One such compound is sulfuric acid (H2SO4). A concentrated solution of 72 percent sulfuric acid will dissolve cellulose. If you don’t believe me, consider this: What happens when you are working on a car and spill battery acid on your jeans? Your jeans now become holey. Why? Because strong acids dissolve cellulose, jeans are made of cotton, and cotton is cellulose. (That’s why you should wear wool when you work with car batteries.)

The other compound is potassium permanganate (KMnO4), an extremely strong oxidizing agent, which means it can break up those ring structures of lignin and therefore dissolve it.

Let’s use these compounds in two different sequential procedures. In both procedures, we begin with the ADF residue and then run an NDF analysis on it. This NDF step removes some interfering factors and gives us a residue that is analytically cleaner for our purposes than either ADF or NDF alone. Trust me on this.

Now for sequential procedure one: We first treat this two-step residue with 72 percent sulfuric acid, which removes the cellulose and leaves a substance containing lignin and cutin, which we weigh. Then we treat this residue with potassium permanganate, which dissolves away the lignin. Now all we have left is the cutin.
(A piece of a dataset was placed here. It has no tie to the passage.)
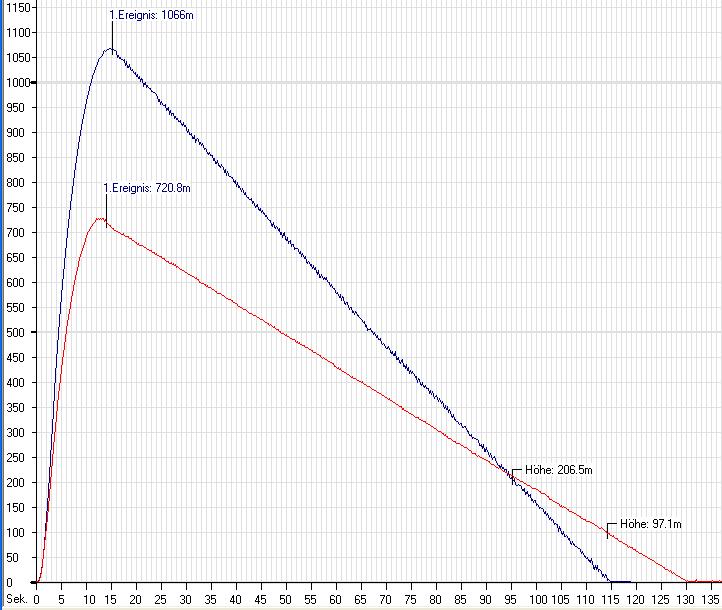 Hier die Daten eines Fluges mit einem AT I366, die Rakete ging dann noch auf 740m, Zeitindex 12.6 sec. Eine Auslösung, wie vom SALT detektiert, bei 2.4 Sekunden wäre also definitiv zu früh gewesen.: ******************************************************************** Höhe Flugzeit Geschwindigkeit ******************************************************************** 0 m | 0.0 s | 0 m/s 2 m | 0.2 s | 10 m/s 4 m | 0.4 s | 10 m/s 11.9 m | 0.6 s | 25 m/s 15.9 m | 0.8 s | 30 m/s 19.8 m | 1.0 s | 20 m/s 25.8 m | 1.2 s | 25 m/s 29.8 m | 1.4 s | 25 m/s 45.7 m | 1.6 s | 50 m/s 57.6 m | 1.8 s | 70 m/s 101.6 m | 2 s | 140 m/s 75.6 m | 2.2 s | 45 m/s 35.7 m | 2.4 s | -165 m/s ----------------------------------------------------------------------------- EREIGNIS: Gipfelpunktsauslösung 2.4 s ----------------------------------------------------------------------------- ----------------------------------------------------------------------------- EREIGNIS: Mindesthöhe 2.4 s ----------------------------------------------------------------------------- 81.6 m | 2.6 s | 15 m/s 113.6 m | 2.8 s | 195 m/s 141.7 m | 3 s | 150 m/s 171.9 m | 3.2 s | 146 m/s 204.2 m | 3.4 s | 156 m/s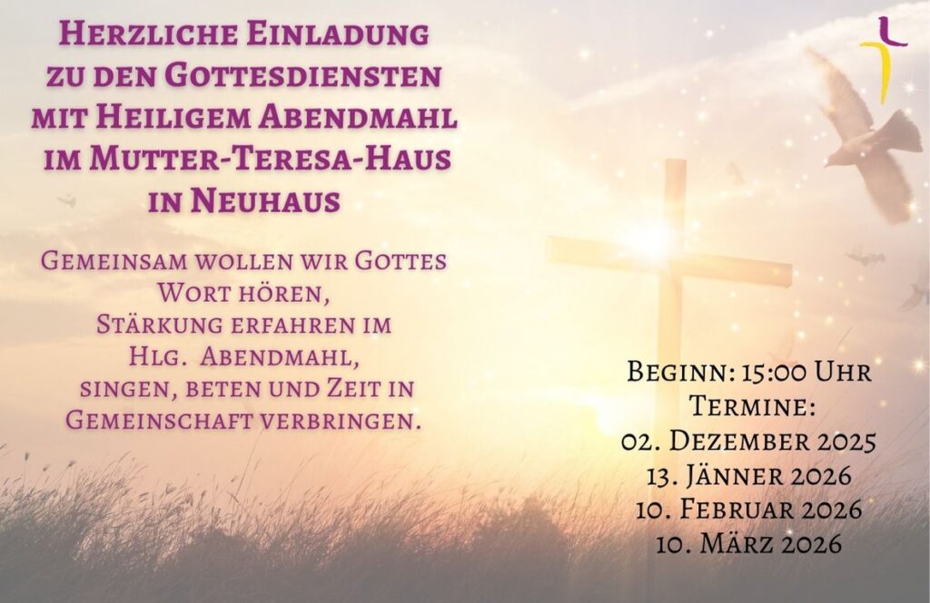 NÄCHSTER GOTTESDIENST: +++ Samstag, 03.01.2026 in der ARCHE in Jennersdorf. Achtung: Beginn bereits um 17:00 Uhr. +++ Gottesdienst in der Tochtergemeinde Minihof-Liebau am 11.01.2026 um 08:30 Uhr. +++ Am 11.01.2026 um 16:00 Uhr beginnt um 16:00 Uhr im Gemeindesaal in Neuhaus die Neujahrsandacht, gefolgt vom JAHRESRÜCKBLICK 2025 und einem Neujahrsempfang. +++

But think for a moment – we have just derived the values for two types of fiber. We know the amount of cutin because we can weigh it in the beaker, but we also know the amount of lignin. How? By subtraction. The pre-permanganate residue contained both lignin and cutin, but the final residue contained only cutin. Therefore, the substance that dissolved into the permanganate was the lignin.

Still following me?

Here’s sequential procedure two: We do the same thing as outlined in the previous paragraph, but in reverse order – first, the potassium permanganate, then the sulfuric acid. As before, the final compound in the beaker is cutin, but this time the subtraction gives us the amount of cellulose. OK, I’ll let you diagram the details by yourself.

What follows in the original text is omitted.